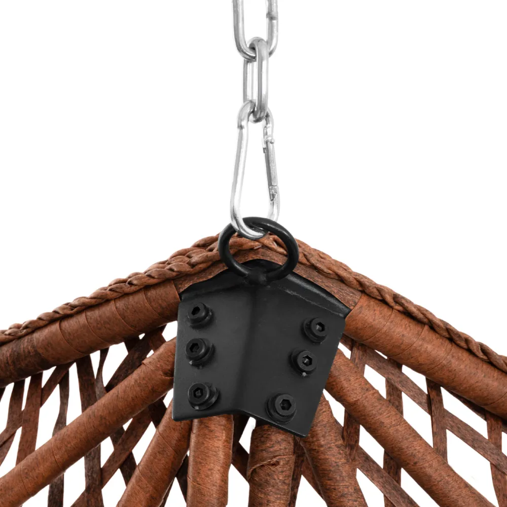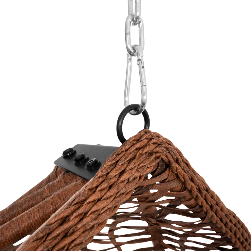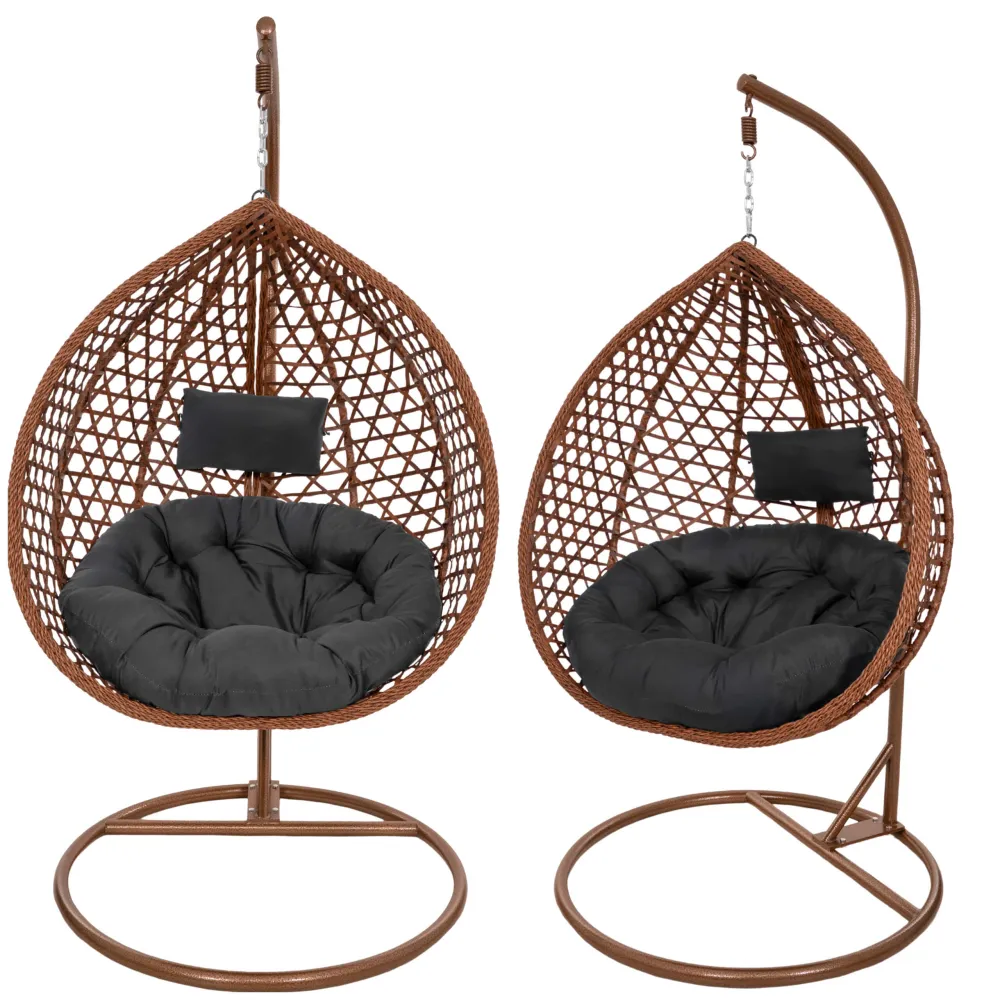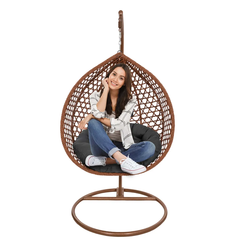 Závesné hojdacie kreslo v tvare vajíčka ponúka prepychový priestor na chvíle relaxácie a odpočinku. Výplet koša je zhotovený z ručne pleteného masívneho technoratanu . Pre komfortný odpočinok je kreslo vybavené pohodlným extra veľkým vankúšom a opierkou hlavy. Vankúš je opatrený zipsom a vyplnený mäkkou penovou vatou. Na dotyk príjemný poťah vankúša je možné v prípade potreby sňať a kedykoľvek vyprať v práčke.
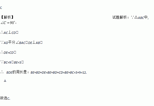 C 【解析】试题解析:∵△ABC中, ∴AC⊥CD, ∵AD平分∠BAC,DE⊥AB, ∴DE=CD, ∵BC=9,BE=3, ∴△BDE的周长是:BE+BD+DE=BE+BD+CD=BE+BC=3+9=12. 故选C.
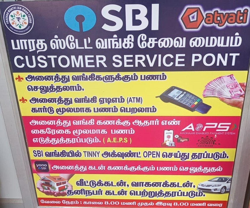 Tag: Money Transfer, ATM Cash Withdrawals, Aadhaar-enabled Payment Services (A.E.P.S), Open SBI Tiny Accounts, home/car/personal Loan payments, ST Courier Collection Center, Xerox, Stationary Products
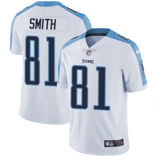 Home>NFL>Tennessee Titans>Jonnu Smith>Youth Nike Tennessee Titans #81 Jonnu Smith White Vapor Untouchable Limited Player NFL Jersey
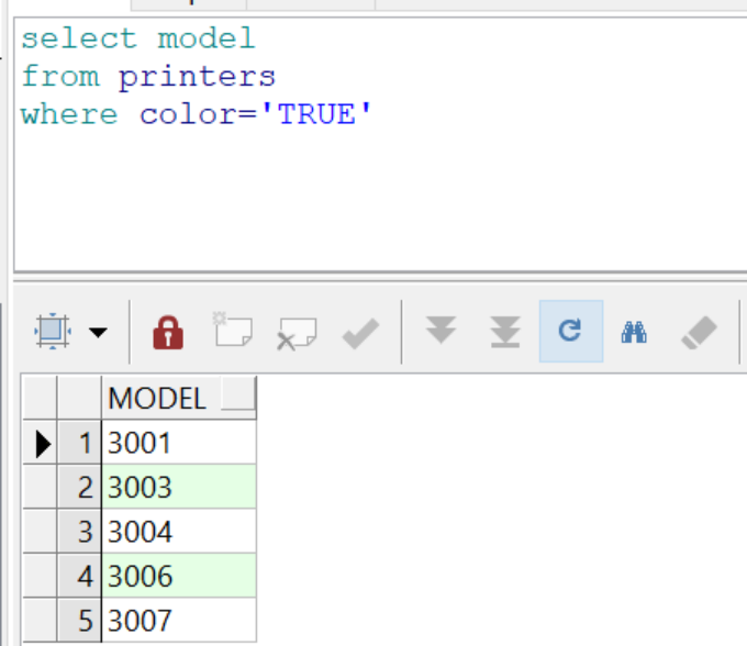 INSERT INTO printers (model, color, ptype, price) VALUES ('3007', 'TRUE', 'laser', 200);CREATE TABLE products (
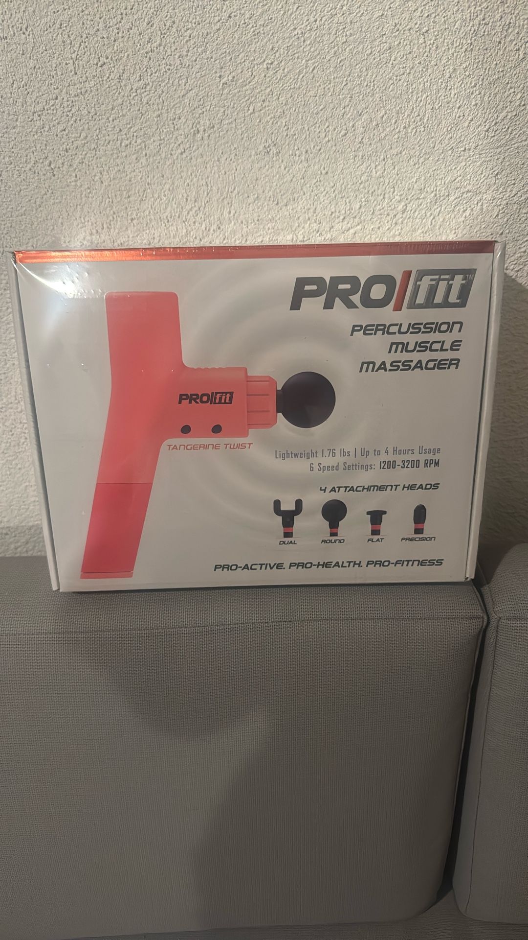 Pro-fit percussion muscle massager Up to 4 hours usage 6 speed settings 1200-3200 rpm 4 attachment heads
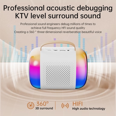 Krystallklar lyd: Opplev karaoke i profesjonell kvalitet med de innebygde doble mikrofonene og avansert støyreduksjonsteknologi, som sikrer at stemmen din fanges opp med eksepsjonell klarhet og kvalitet.
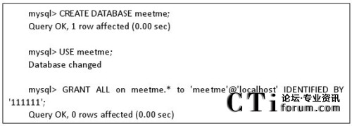 5)我們依次創(chuàng)建數(shù)據(jù)庫meetme,創(chuàng)建用戶meetme,并設置meetme的密碼,詳細命令以及正確輸出如下:
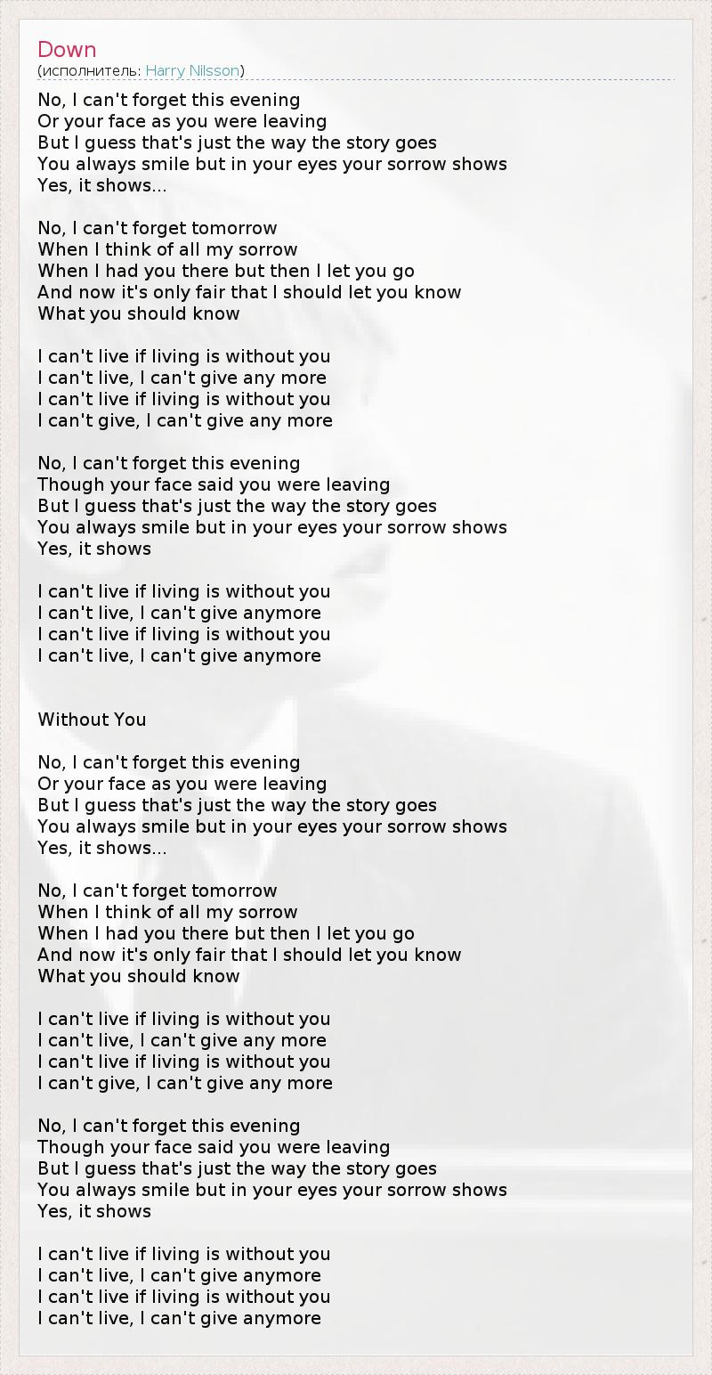 No, I can't forget this evening Or your face as you were leaving But I guess that's just the way the story goes You always smile but in your eyes your sorrow shows Yes, it shows... No, I can't forget tomorrow When I think of all my sorrow When I had you there but then I let you go And now it's only fair that I should let you know What you should know I can't live if living is without you I can't live, I can't give any more I can't live if living is without you I can't give, I can't give any more No, I can't forget this evening Though your face said you were leaving But I guess that's just the way the story goes You always smile but in your eyes your sorrow shows Yes, it shows I can't live if living is without you I can't live, I can't give anymore I can't live if living is without you I can't live, I can't give anymore Without You No, I can't forget this evening Or your face as you were leaving But I guess that's just the way the story goes You always smile but in your eyes your sorrow shows Yes, it shows... No, I can't forget tomorrow When I think of all my sorrow When I had you there but then I let you go And now it's only fair that I should let you know What you should know I can't live if living is without you I can't live, I can't give any more I can't live if living is without you I can't give, I can't give any more No, I can't forget this evening Though your face said you were leaving But I guess that's just the way the story goes You always smile but in your eyes your sorrow shows Yes, it shows I can't live if living is without you I can't live, I can't give anymore I can't live if living is without you I can't live, I can't give anymore
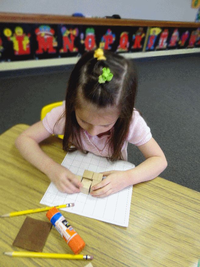 Kindergarten grade children play with and admire different block arrangements.
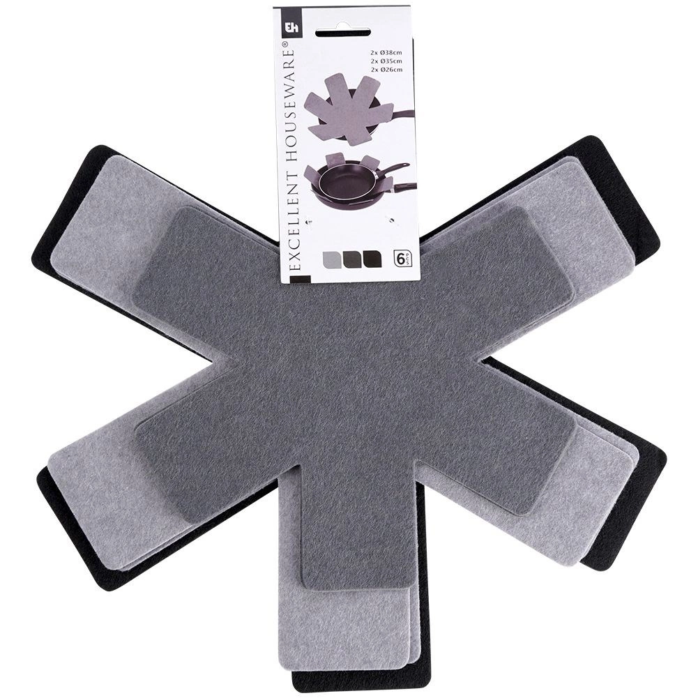 This set of six felt protectors is ideal for everyday home use. Just place the inserts between pans or pots to effectively protect their surfaces during stacking and transport. Thanks to three different diameters, you can easily adapt the inserts to various cookware sizes.
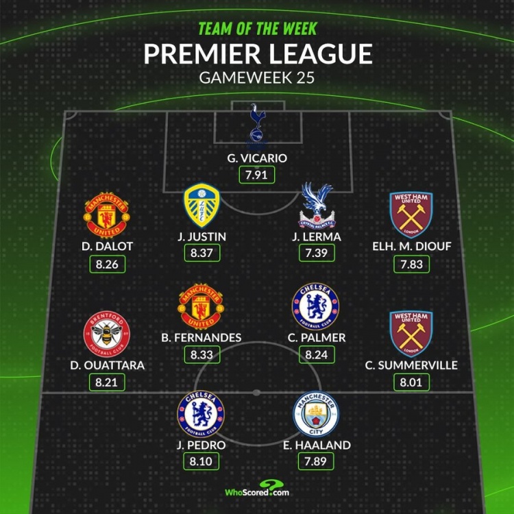 直播吧2月9日讯 英超第25轮已经完赛,whoscored也列出了本轮评分最佳阵容,曼联、切尔西、西汉姆各2人上榜。
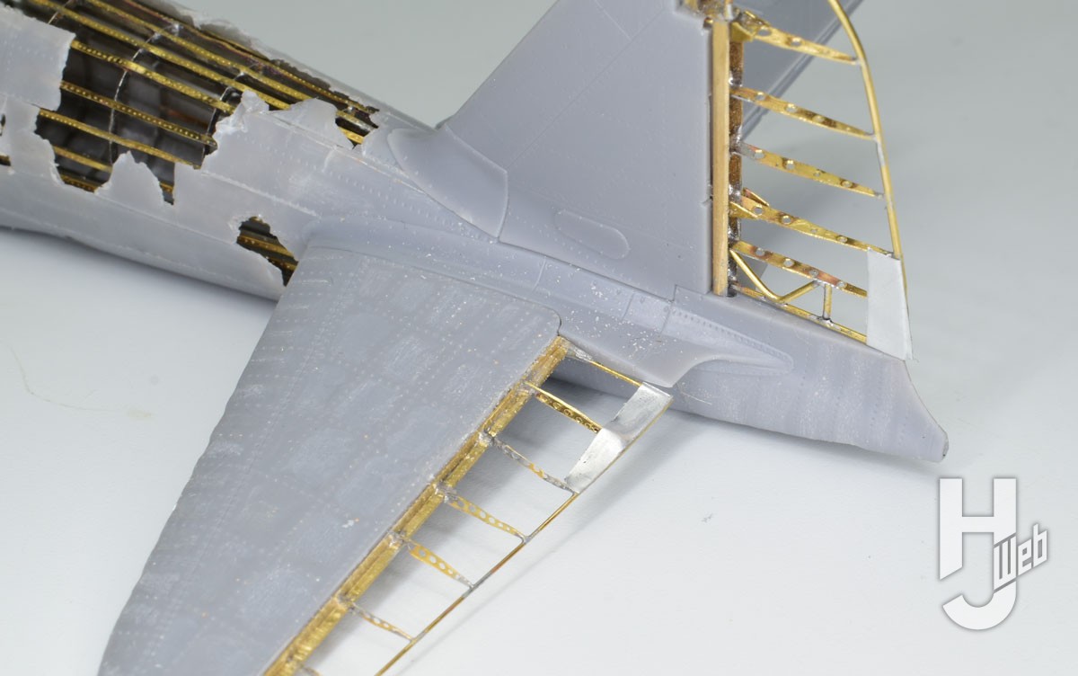 今回製作したファインモールドのキットは、かつてないほどの最高のキットだと思います。その主な特徴といえば、1.風防はクリアー部分と窓枠とが別パーツとなっている。2.機体の後部胴体部分はスライド金型を使用した一体成型で実機同様に前後で分割されている。3.3次元レーザー彫刻機による詳細な彫刻によるエンジンやコクピットの再現。4.機体全面にリベットが彫刻されていて精密感を高めている、といったところでしょうか。
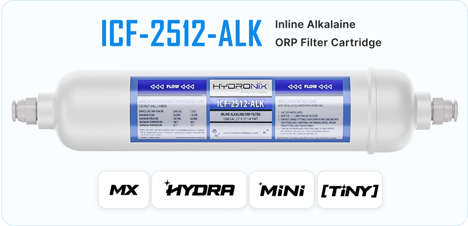 ICF-2512-ALK-QC Inline Alkaline/ORP Filter Cartridge with Quick Connect Fittings for Reverse Osmosis Water Purification Systems
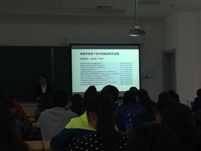 在这一部分的报告中,马晓龙研究员首先向同学们阐述了本次报告所依据的数据来源分析。在对自然科学基金委网站进行“旅游”(不含“休闲”,时间限定为1987-2015年)这一关键词的搜索时发现,含“地理”这一词组的自然科学基金项目占总数百分之七十,共184项。通过对相关文献的整理及归类,地理学视角下的中国旅游研究主要包括以下几个方面:1.传统研究:驻足在“时空”,2.现象研究:依托于“时代”,3.扩展研究:创新在“发展”,4.集成研究:厚重在“积淀”,5.案例研究:演绎-结合-归纳。最后,马晓龙研究员提出了地理学视角下中国旅游研究的集聚和扩散现象,集聚现象例如研究常常聚焦于世界遗产地、农户、女性、旅游扶贫、新常态等方面,并以“人地关系地域系统”为核心形成集聚趋势,扩散现象则指研究向着更加广域的多学科视角如社会学、民族学等渗透。为了使同学们理解的更加深刻,马晓龙研究员例举了“外界受包装的农家乐比真实行的农家乐旅游产品更受欢迎”的案例,并提出了给同学们在研究中的三点建议:1.应重视案例地的推广价值;2.科学问题的探究应该精准描述,清楚解决;3.应当精简研究问题,量力而行。
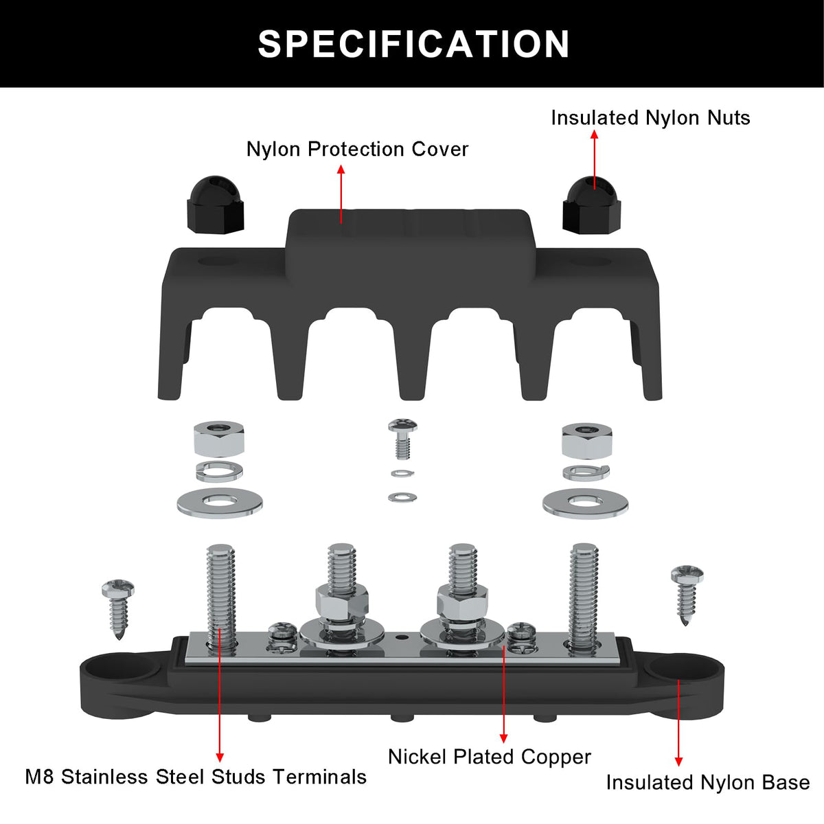 Q: What materials are used in the construction of this bus bar?A: This bus bar is constructed with reinforced nylon flame retardant material, featuring a nickel-plated brass contact plate for consistent flow and stability, along with stainless steel components for excellent durability and corrosion resistance.
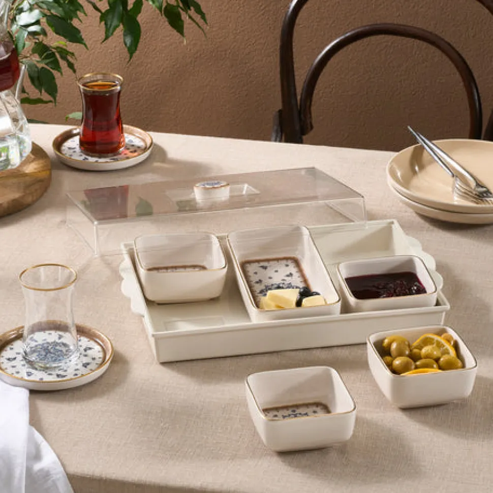 Genießen Sie Ihre Morgenstunden mit dem Karaca Elena 7-teiligen Keramik-Frühstücksset. Es wurde mit Blick auf Praktikabilität und Eleganz entworfen und enthält Schalen, eine Servierplatte sowie ein Tablett mit Deckel – ideal für den täglichen Gebrauch und ungezwungene Zusammenkünfte.

● ● ● ●

What to work on> Return all the lines above exactly; none of the pictures should appear.

Answer for this exercise>
 Závesné hojdacie kreslo v tvare vajíčka ponúka prepychový priestor na chvíle relaxácie a odpočinku. Výplet koša je zhotovený z ručne pleteného masívneho technoratanu . Pre komfortný odpočinok je kreslo vybavené pohodlným extra veľkým vankúšom a opierkou hlavy. Vankúš je opatrený zipsom a vyplnený mäkkou penovou vatou. Na dotyk príjemný poťah vankúša je možné v prípade potreby sňať a kedykoľvek vyprať v práčke.
 C 【解析】试题解析:∵△ABC中, ∴AC⊥CD, ∵AD平分∠BAC,DE⊥AB, ∴DE=CD, ∵BC=9,BE=3, ∴△BDE的周长是:BE+BD+DE=BE+BD+CD=BE+BC=3+9=12. 故选C.
 Tag: Money Transfer, ATM Cash Withdrawals, Aadhaar-enabled Payment Services (A.E.P.S), Open SBI Tiny Accounts, home/car/personal Loan payments, ST Courier Collection Center, Xerox, Stationary Products
 Home>NFL>Tennessee Titans>Jonnu Smith>Youth Nike Tennessee Titans #81 Jonnu Smith White Vapor Untouchable Limited Player NFL Jersey
 INSERT INTO printers (model, color, ptype, price) VALUES ('3007', 'TRUE', 'laser', 200);CREATE TABLE products (
 Pro-fit percussion muscle massager Up to 4 hours usage 6 speed settings 1200-3200 rpm 4 attachment heads
 Krystallklar lyd: Opplev karaoke i profesjonell kvalitet med de innebygde doble mikrofonene og avansert støyreduksjonsteknologi, som sikrer at stemmen din fanges opp med eksepsjonell klarhet og kvalitet.
 5)我們依次創(chuàng)建數(shù)據(jù)庫meetme,創(chuàng)建用戶meetme,并設置meetme的密碼,詳細命令以及正確輸出如下:
 No, I can't forget this evening Or your face as you were leaving But I guess that's just the way the story goes You always smile but in your eyes your sorrow shows Yes, it shows... No, I can't forget tomorrow When I think of all my sorrow When I had you there but then I let you go And now it's only fair that I should let you know What you should know I can't live if living is without you I can't live, I can't give any more I can't live if living is without you I can't give, I can't give any more No, I can't forget this evening Though your face said you were leaving But I guess that's just the way the story goes You always smile but in your eyes your sorrow shows Yes, it shows I can't live if living is without you I can't live, I can't give anymore I can't live if living is without you I can't live, I can't give anymore Without You No, I can't forget this evening Or your face as you were leaving But I guess that's just the way the story goes You always smile but in your eyes your sorrow shows Yes, it shows... No, I can't forget tomorrow When I think of all my sorrow When I had you there but then I let you go And now it's only fair that I should let you know What you should know I can't live if living is without you I can't live, I can't give any more I can't live if living is without you I can't give, I can't give any more No, I can't forget this evening Though your face said you were leaving But I guess that's just the way the story goes You always smile but in your eyes your sorrow shows Yes, it shows I can't live if living is without you I can't live, I can't give anymore I can't live if living is without you I can't live, I can't give anymore
 Kindergarten grade children play with and admire different block arrangements.
 This set of six felt protectors is ideal for everyday home use. Just place the inserts between pans or pots to effectively protect their surfaces during stacking and transport. Thanks to three different diameters, you can easily adapt the inserts to various cookware sizes.
 直播吧2月9日讯 英超第25轮已经完赛,whoscored也列出了本轮评分最佳阵容,曼联、切尔西、西汉姆各2人上榜。
 今回製作したファインモールドのキットは、かつてないほどの最高のキットだと思います。その主な特徴といえば、1.風防はクリアー部分と窓枠とが別パーツとなっている。2.機体の後部胴体部分はスライド金型を使用した一体成型で実機同様に前後で分割されている。3.3次元レーザー彫刻機による詳細な彫刻によるエンジンやコクピットの再現。4.機体全面にリベットが彫刻されていて精密感を高めている、といったところでしょうか。
 ICF-2512-ALK-QC Inline Alkaline/ORP Filter Cartridge with Quick Connect Fittings for Reverse Osmosis Water Purification Systems
 在这一部分的报告中,马晓龙研究员首先向同学们阐述了本次报告所依据的数据来源分析。在对自然科学基金委网站进行“旅游”(不含“休闲”,时间限定为1987-2015年)这一关键词的搜索时发现,含“地理”这一词组的自然科学基金项目占总数百分之七十,共184项。通过对相关文献的整理及归类,地理学视角下的中国旅游研究主要包括以下几个方面:1.传统研究:驻足在“时空”,2.现象研究:依托于“时代”,3.扩展研究:创新在“发展”,4.集成研究:厚重在“积淀”,5.案例研究:演绎-结合-归纳。最后,马晓龙研究员提出了地理学视角下中国旅游研究的集聚和扩散现象,集聚现象例如研究常常聚焦于世界遗产地、农户、女性、旅游扶贫、新常态等方面,并以“人地关系地域系统”为核心形成集聚趋势,扩散现象则指研究向着更加广域的多学科视角如社会学、民族学等渗透。为了使同学们理解的更加深刻,马晓龙研究员例举了“外界受包装的农家乐比真实行的农家乐旅游产品更受欢迎”的案例,并提出了给同学们在研究中的三点建议:1.应重视案例地的推广价值;2.科学问题的探究应该精准描述,清楚解决;3.应当精简研究问题,量力而行。
 Q: What materials are used in the construction of this bus bar?A: This bus bar is constructed with reinforced nylon flame retardant material, featuring a nickel-plated brass contact plate for consistent flow and stability, along with stainless steel components for excellent durability and corrosion resistance.
 Genießen Sie Ihre Morgenstunden mit dem Karaca Elena 7-teiligen Keramik-Frühstücksset. Es wurde mit Blick auf Praktikabilität und Eleganz entworfen und enthält Schalen, eine Servierplatte sowie ein Tablett mit Deckel – ideal für den täglichen Gebrauch und ungezwungene Zusammenkünfte.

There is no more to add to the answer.